I would think using them during training would be fine, but I only use them at meets. I see about a 5, sometimes 10 lbs increase on the bench. The ammonia capsules burn the heck out of my nose, but doesn't make my eyes water. You might be getting too much of a whiff. They are supposed to increase the amount of oxygen in your blood. The reason some lifts are not completed is due to carbon dioxide build up in the muscles, which impedes their ability to perform work. The more oxygen the muscle gets, the better off you are.

----------


## Doc.Sust

i use them only on 3rd attempts at meets. ocasionaly in the gym if it is a huge ,huge lift(more than i ever tried before)

----------


## RJstrong

I use them for all my attempts in a meet... and occasionally for big attempts in the gym. I just tried some nose tork the other day for a squat attempt in the gym... good stuff! it works best right after your work out partner slaps you around a bit...  :Evil2:

----------


## Doc.Sust

where does one buy nose torque?i have heard of it, but never tried that name out.

----------


## RJstrong

> where does one buy nose torque?i have heard of it, but never tried that name out.

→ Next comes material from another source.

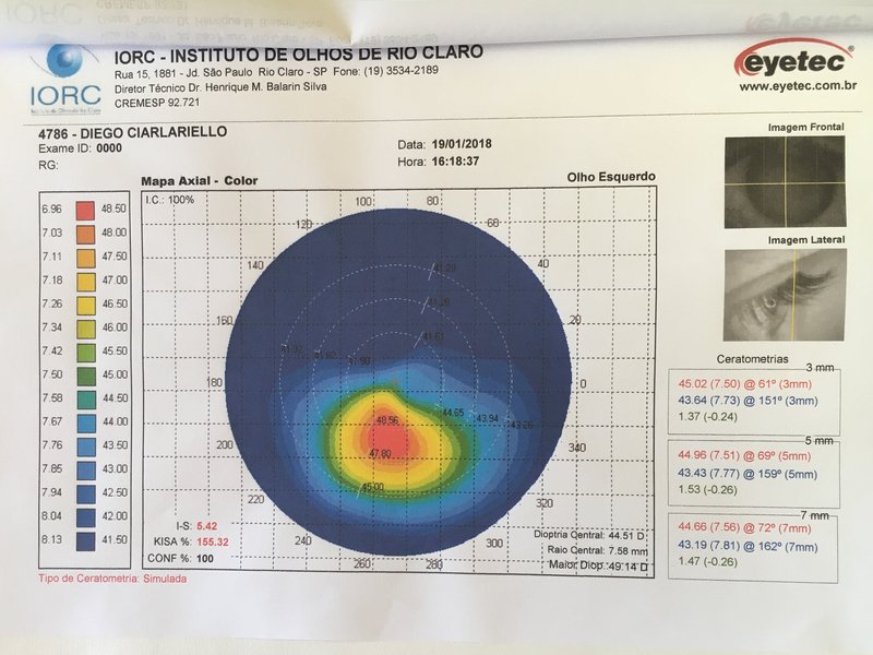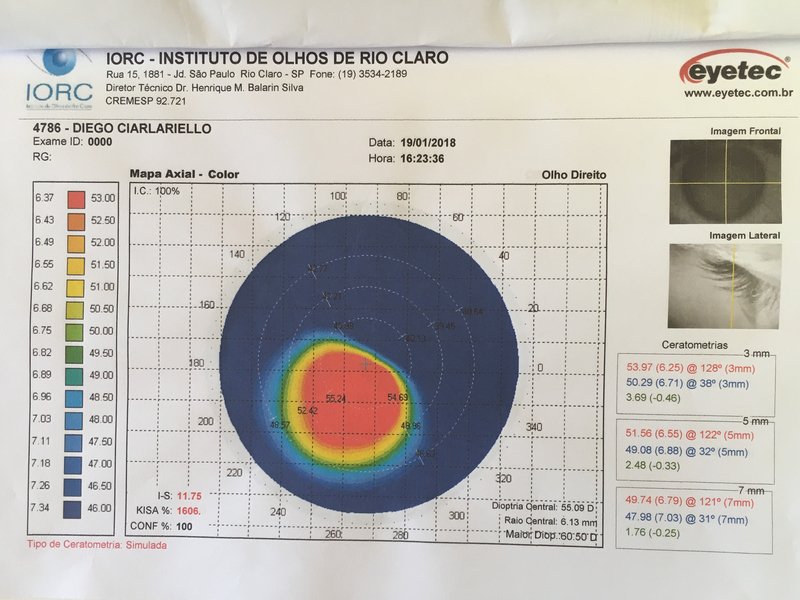 ceratocone em estado avançado no olho direito (parte vermelha, atinge mais de 50% do olho)

try inzernet.com... click on accessories... you will find it there for $6

----------


## Doc.Sust

cool thanks!

----------


## OldPLer

Use ammonia caps on lifts in competition only, kinda gives me more pysch.

----------


## powerliftmike

Yeah, inzernet.com has them. Thanks bros, I will use them sparing. If I hold it farther away from nose, the powder doesn't go up my nose and so I dont get watery-eyes or knocked over. Error on my part, sorry. haha

----------


## redmango

not to change the subject, but do yall think that taking a snort before a track and field event such as shot put or discus would help???

----------


## RJstrong

> not to change the subject, but do yall think that taking a snort before a track and field event such as shot put or discus would help???

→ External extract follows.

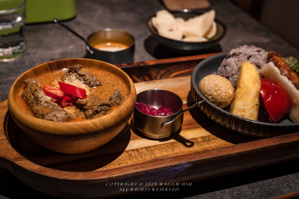 晚餐推薦大家來吃花蓮名店「家咖哩」,順便感受將軍府的夜晚浪漫。推薦濃厚的牛肉咖哩,搭配印尼仁當咖哩醬與鮮嫩的牛肋條非常讚,飯後點心是魚刺人的雞蛋糕,十分澎湃。

I've never competed in those events but my guess is it would work... I think its worth a shot (no pun intended)...  :Wink/Grin:

----------


## Cdub

Yea i plan on using some for the 100m this year. I have used it at practice. Shit wakes u up.

----------


## Doc.Sust

> not to change the subject, but do yall think that taking a snort before a track and field event such as shot put or discus would help???


try coke! and not the soda!just kidding!

----------


## redmango

lol, ive also heard crystal meth will make you go apeshit crazy in the ring and throw like a madman.

----------


## powerliftmike

> lol, ive also heard crystal meth will make you go apeshit crazy in the ring and throw like a madman.


haha, I wouldn't know... :Smilie:

----------